A reforma do processo civil, preparada ao milímetro pela comissão liderada por João Correia, está pronta e nas mãos da ministra da Justiça. Há ainda, porém, decisões que Paula Teixeira da Cruz terá de tomar, relacionadas com sugestões dadas pela troika. Esta, preocupada com as pendências, preconizava uma "privatização da acção executiva" e sugeriu que todos os portugueses passassem a ter uma residência legal obrigatória

- A reforma do Processo civil está pronta a ir ao Parlamento?
- O trabalho da comissão está pronto e entregue. Não sei se é a proposta definitiva, porque há uma interacção entre a troika e a ministra e, em função dos pareceres emitidos por váriasentidades,comoaassociação sindical dos juizes, Ministério Publico, Ordem dos Advogados, há ali uma tendência para se dizer que se podia ou devia ter ido mais longe.

- É a troika que diz isso?
- Também a troika, mas não só a troika. E não é propriamente a troika que manda Há uma sintonia entre aquilo que é preconizado pela troika e pela ministra O que está a ser ponderado agora é se se deve e pode ou não ir mais longe.

- A troika não manda, mas dá opiniões.
- Sim, e mais na acção executiva

- E ai, até onde é que a troika queria ir?
- Queria uma quase absoluta privatização da acção executiva, o modelo holandês, que não é possível em Portugal, porque temos um princípio de reserva de juiz – há certos actos que só ele pode praticar, como a entrada no domicílio ou a própria ordem para proceder à penhora Depois, porque há que ter em conta a natureza dos títulos executivos. E os que são fiáveis, como as injunções, cheques, letras, livranças, escrituras públicas em certas circunstâncias, podem dar origem a um processo sumário, que vai ao tribunal, mas não ao juiz e depois vai directamente para o agente de execução. Ai é que a troika diz – verbalmente, porque ainda não escreveu – que não é necessário registar o processo em tribunal, que é um acto paralisante. Nos títulos executivos menos fiáveis, como documentos particulares, o processo segue a forma ordinária, em que o juiz tem de fazer uma verificação.

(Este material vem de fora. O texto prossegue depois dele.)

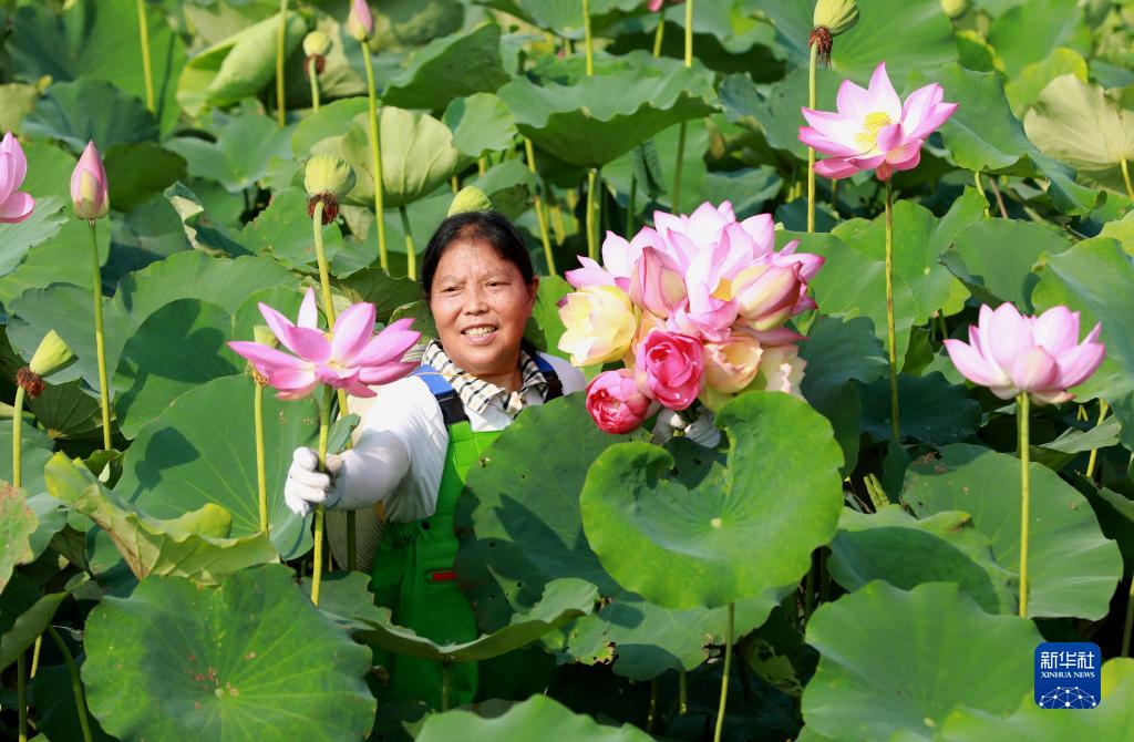 6月26日,四川省眉山市仁壽縣方家鎮水池村村民在荷田采收荷花。

- E que outras sugestões apresentou a troika?
- Foi também avançada sempre em termos verbais, a necessidade de criar uma residência legal obrigatória para facilitar a localização dos devedores, como no modelo alemão, em que, se mudarem, as pessoas são obrigadas a avisar os serviços de identificação. E nós tentámos explicar que somos um país de emigração, mas que somos mais portugueses lá fora do que cá dentro e que é difícil ter um país tão organizado como os alemães ou os suecos. Nós temos uma residência, que damos quando fazemos o cartão do cidadão, mas que é apenas a residência declarada Eu posso mudar de residência e não dizer nada a ninguém. Não sou obrigado a comunicar, até posso ter três residências.

- E essa medida avança ou não avança?
- Agora está nas mãos da ministra Mas posso dizer-lhe que a troika tem uma visão positiva das reformas em curso na justiça e a ministra tem sido louvada Nós vamos dizendo que pode ou não ser e eles vão aceitando. Nesta área são mais dialogantes do que impositivos. Estão mais preocupados com a redução das pendências processuais e esta reforma vai neste sentido.

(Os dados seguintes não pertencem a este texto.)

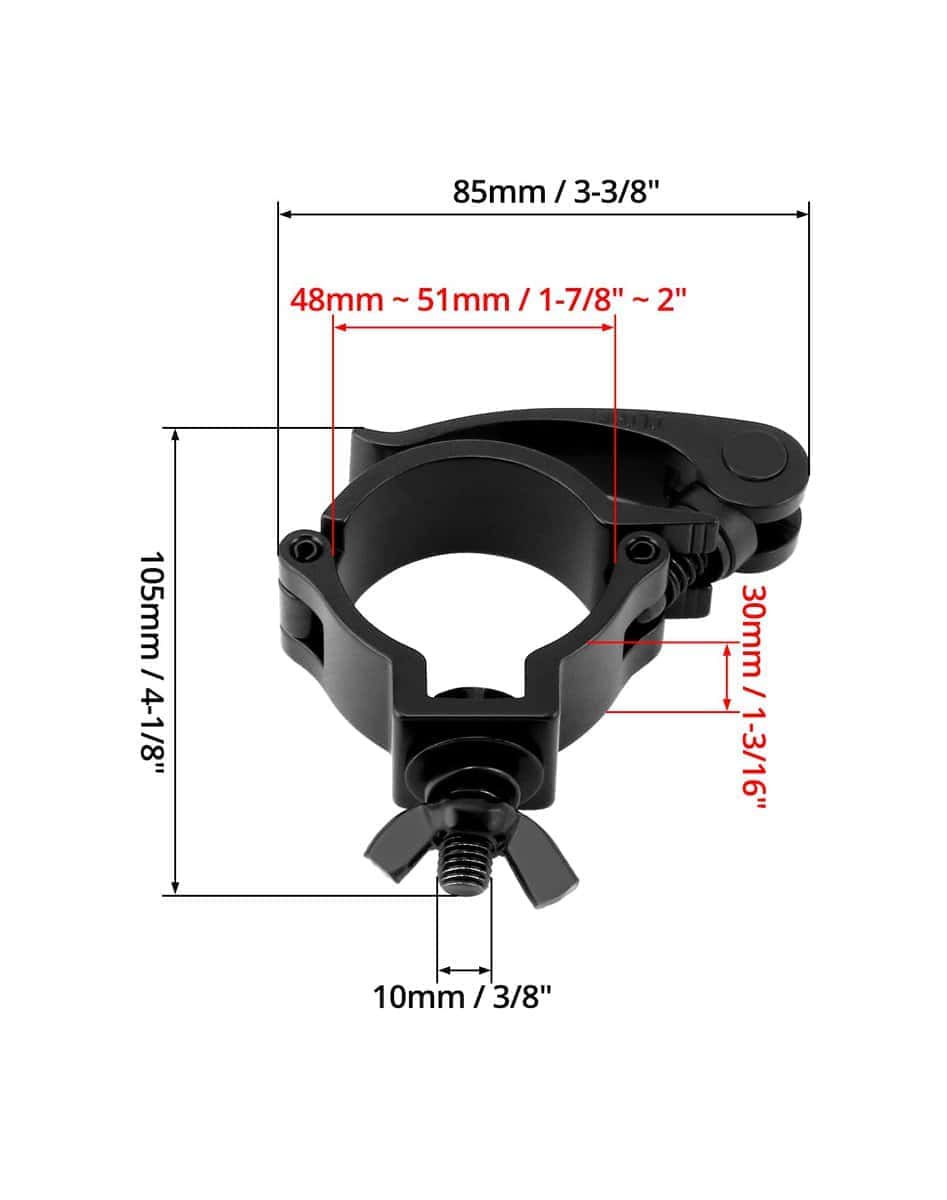 1. Versátil y confiable: Estas abrazaderas de iluminación para escenarios de DJ de 2 pulgadas están diseñadas para luces de escenario de seguridad y otras luces con un agujero de instalación de 10 mm de diámetro, proporcionando un método de fijación seguro y estable. 2. Construcción robusta: Fabricadas en aleación de aluminio 6061, estas abrazaderas pueden soportar cargas pesadas con una capacidad de peso de hasta 220 libras, garantizando la seguridad de su valioso equipo de iluminación. 3. Instalación fácil: Con un diseño de liberación rápida y cierre rápido, estas abrazaderas ofrecen una instalación eficiente y sin complicaciones, ahorrándole tiempo valioso durante la configuración. 4. Compatibilidad universal: Con un rango de diámetro de tubo/pipe adecuado de 48-51mm OD, estas abrazaderas son ideales para una variedad de aplicaciones como escenarios, cabinas de DJ, bares, pubs, eventos, teatros y discotecas. 5. Estable: Monte de forma segura su iluminación de escenario con el paquete de 10 abrazaderas de iluminación para escenarios de DJ de 2 pulgadas.

- Acredita que funcionará?
- Na acção executiva, sim. Na acção declarativa, vem modificar radicalmente a relação entre juizes e advogados, advogados e clientes. Há um princípio de gestão processual que diz que o juiz deve adoptar e impor todas as condutas para que o processo seja adaptado à natureza do conflito, isto é, tem uma tramitação própria, que pode ser mais lenta ou mais rápida, em função da natureza do conflito.

- Isso implica também uma mudança de mentalidade do próprio juiz...
- Do juiz, do advogado, das partes... O juiz deve limitar-se, na audiência preliminar, a dizer quais são as questões nucleares, as grandes questões do processo, deixando de identificar os factos provados e por provar. A cronologia dos actos é pré-determinada na audiência preliminar e há um aceleramento processual, até porque passa a ser impossível adiar diligências.

- O que é que isso significa?
- Na audiência preliminar as agendas dos advogados e do juiz são concertadas e a partir daí entende-se que, salvo justo impedimento, não há mais fundamentos para adiamentos. Há uma vocação para respeitar o exercício da cidadania e não para fundamentar o autoritarismo do estado. Bem pelo contrário. O cidadão foi colocado no epicentro desta reforma

- Diria que é desta que os advogados vão deixar de poder de lançar mão de praticas dilatórias?
- Os advogados não têm práticas dilatórias. Os advogados cumprem os prazos. Se não fizerem, perdem. As regras é que têm de ser simplificadas. Mais transparentes, directas e flexíveis e claramente vão ser.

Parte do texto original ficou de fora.